Deftly placing a needle in a patient and injecting a local anesthetic near targeted nerves in the exact part of a body that needs to be numbed for a specific surgery requires training, technology and top-notch clinical skills. However, performing nerve blocks can seem easy compared to trying to convince often-resistant physicians to give regional anesthesia a try. 

Managing the placement of blocks admittedly requires more work than administering inhalational agents, but experts in the field maintain the benefits blocks provide — reduced need for opioids, limiting the risks that accompany general anesthesia, shorter PACU stays, increased patient satisfaction — are worth the extra effort it takes to launch and run a successful program.

Making the case

The first step to achieve buy-in for adding regional anesthesia is to understand the goals and pain points of the providers you’re trying to convince. Their motivation could be as simple as a desire to have patients in less pain. Other drivers could include wanting to reduce side effects from general anesthesia, a plan to introduce a new service line such as hand surgery, a desire to run more environmentally friendly operating rooms by using fewer anesthetic gases, an effort to get more positive patient testimonials or an attempt to make a direct response to the opioid crisis.

Pushback can come from many directions: Surgeons who haven’t worked with anesthesiologists who know how to place them; anesthesiologists who don’t know how to place them but work with surgeons who want them done; and nurses who are untrained in the practice and therefore uncomfortable with the prospect.

“As there is a push toward more regional anesthesia in outpatient settings, facilities are feeling a competitive pressure to introduce a block program,” says Edward R. Mariano, MD, MAS, FASA, a professor of anesthesiology and perioperative and pain medicine at Stanford (Calif.) University School of Medicine. “To take advantage of this opportunity, you have to find the right hook.”

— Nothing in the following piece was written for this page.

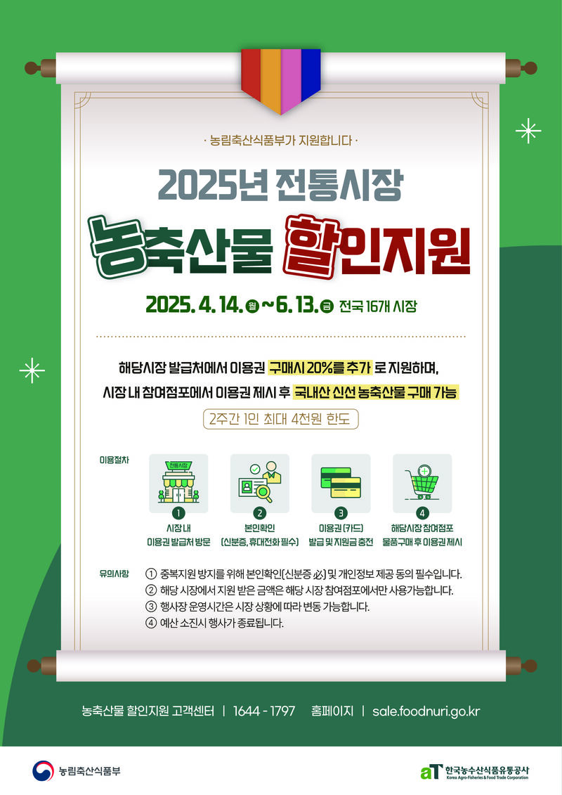 농림축산식품부가 전통시장 이용 소비자의 장바구니 부담을 덜기 위해 오는 4월 14일부터 6월 13일까지 2개월간 전국 16개 전통시장에서 ‘전통시장 농축산물 상시 할인지원 시범사업’을 실시한다고 밝혔다.
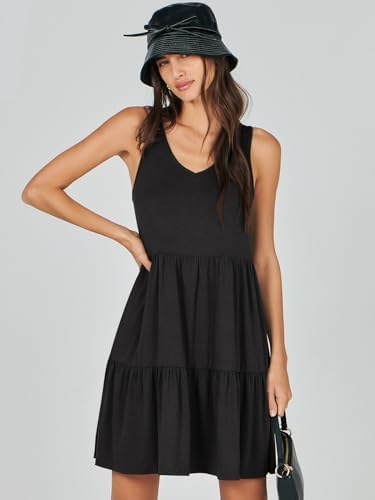 ANRABESS Women’s Sleeveless V-Neck Tiered Mini Dress with Pockets

To that end, Nadia Hernandez, MD, an associate professor of anesthesiology and director of regional anesthesia and perioperative ultrasound at McGovern Medical School in Houston, researches the surgeons and facilities in advance so she’ll have responses ready to counter the potential objections to a block program she expects them to have.

“Physicians who own an ASC, for example, are going to want to hear how you can save money overall despite the added expense of blocks, which aren’t reimbursed well,” says Dr. Hernandez, who is also regional anesthesia and perioperative ultrasound chair at McGovern. “There are legions of pluses to peripheral anesthesia, so I research the person I’m going to be speaking to first and talk to them about the benefits I think would be most meaningful to them.”

Data is king, notes Karina Gritsenko, MD, program director of regional anesthesia and acute pain medicine fellowship and an associate professor of anesthesiology at Albert Einstein College of Medicine in New York City. She says documentation showing surgeons numeric evidence of shorter PACU times, drops in post-op opioid prescriptions and hikes in patient satisfaction scores that are associated with regional anesthesia is “incredibly powerful toward getting buy-in.”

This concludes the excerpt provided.